Collected material:
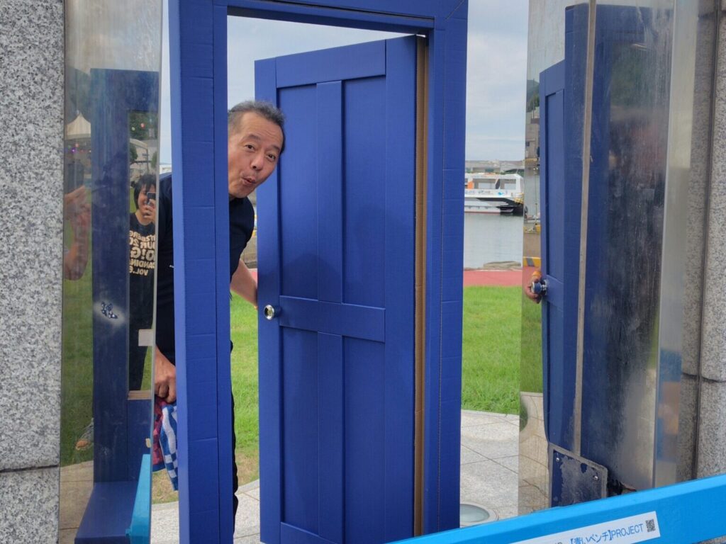 どこでもドアからひょっこりと顔をだす時津町の山上町長です、たのしそ~😆✨ちゃんと掲載許可いただいております😊
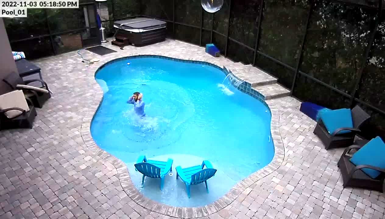 Security footage of a man talking on his phone as he steps too close to edge of the pool and falls in with clothes on.
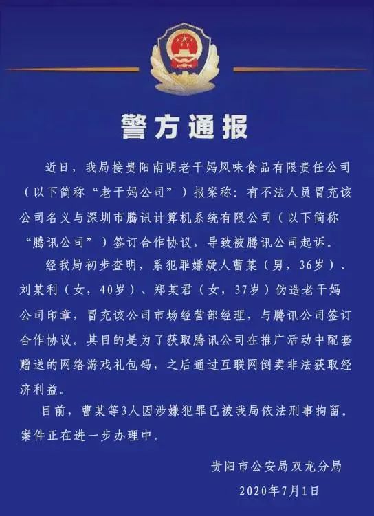 今天中午,贵州贵阳警方通报3人伪造老干妈印章与腾讯签订合同,已被刑拘。
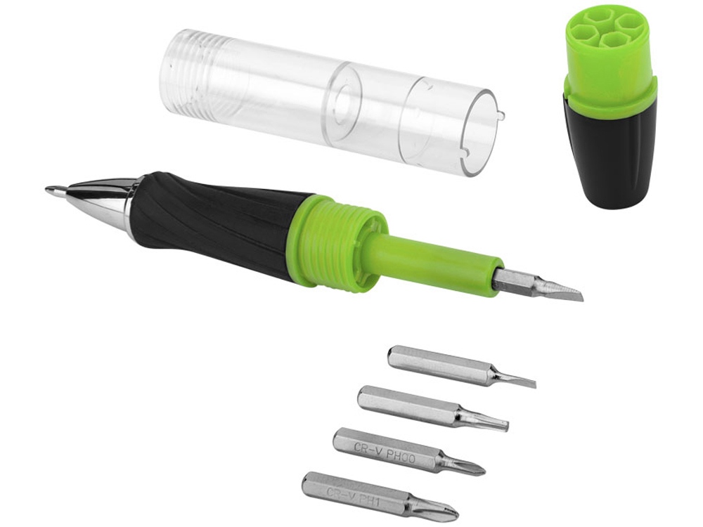 Инструмент King 7-ми функциональный с ручкой и фонариком. Шариковая ручка с поворотным механизмом, корпус- холдер для 5-ти насадок отверток. Светодиодный фонарик с поворотным включением. Батарейки в комплекте. АБС пластик.

Goal of the exercise: Could you repeat all of the data exactly, minus the pictures?

Reply to the exercise:
 どこでもドアからひょっこりと顔をだす時津町の山上町長です、たのしそ~😆✨ちゃんと掲載許可いただいております😊
 Security footage of a man talking on his phone as he steps too close to edge of the pool and falls in with clothes on.
 今天中午,贵州贵阳警方通报3人伪造老干妈印章与腾讯签订合同,已被刑拘。
 Инструмент King 7-ми функциональный с ручкой и фонариком. Шариковая ручка с поворотным механизмом, корпус- холдер для 5-ти насадок отверток. Светодиодный фонарик с поворотным включением. Батарейки в комплекте. АБС пластик.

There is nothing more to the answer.